Bulletin of the American Physical Society
2024 APS March Meeting
Monday–Friday, March 4–8, 2024; Minneapolis & Virtual
Session A50: Progress in Quantum Simulation
8:00 AM–11:00 AM,
Monday, March 4, 2024
Room: 200H
Sponsoring
Unit:
DQI
Chair: Elisa Bäumer, IBM Research Zurich
Abstract: A50.00004 : Towards Quantum Simulation of Confining Gauge Theories at Finite Temperature and Density*
9:00 AM–9:12 AM
Presenter:
I Chi Chen
(Iowa State University)
Authors:
I Chi Chen
(Iowa State University)
Jo~{a}o Getelina
(Ames National Laboratory)
Klee Pollock
(Iowa State University)
Peter P Orth
(Saarland University)
Yong-Xin Yao
(Ames National Laboratory)
Srimoyee Sen
(Iowa State University)
Thomas Iadecola
(Iowa State University)
Numerically simulating strongly coupled gauge theories at finite density is a
longstanding challenge in nuclear and high-energy physics that also has fundamental implications for condensed matter physics. Recently it has been suggested that digital and analog quantum hardware could provide pathways to efficiently simulate such systems. In this work, we adapt numerical tools based on imaginary time evolution, originally developed to simulate strongly correlated condensed matter systems, to study this problem. We do so in the simplest model of a confining gauge theory, namely $mathbb{Z}_2$ gauge theory coupled to spinless fermionic matter in 1+1 dimensions, which can be directly mapped to a local, interacting quantum spin chain. We discuss classical numerical results (from both sparse matrix and matrix product state calculations) on the finite-temperature and -density equation of state, as well as the chiral and confinement phase diagrams. We comment on how the relevant observables can be obtained with a recently proposed quantum algorithm, adaptive variational quantum minimally entangled typical thermal states (AVQMETTS), and when this approach is expected to outperform classical methods. Our work sets the stage for new approaches to study strongly coupled gauge theories on quantum hardware that can be generalized to higher dimensions where classical numerics become severely limited.

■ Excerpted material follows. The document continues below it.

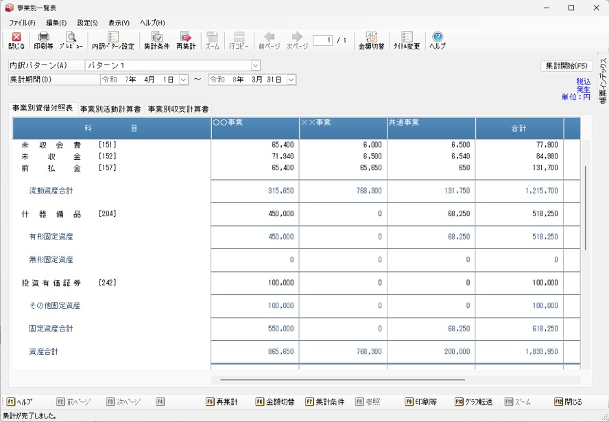 事業または、事業グループごとに発生額、または累計額を集計し、一覧表形式で集計して表示・印刷します。

*Research by I.-C. C., J. G., Y. Y., and T. I. was supported by the U.S. Department of Energy (DOE), Office of Science, Basic Energy Sciences, Materials Science and Engineering Division, including a grant of computer time at the National Energy Research Scientific Computing Center (NERSC) in Berkeley, California. Research by I.-C. C., J. G., Y. Y., and T. I. was performed at the Ames National Laboratory, which is operated for the U.S. DOE by Iowa State University under Contract No. DE-AC02-07CH11358. Research by K. P. was supported by the National Science Foundation under Grant No. DMR-2143635.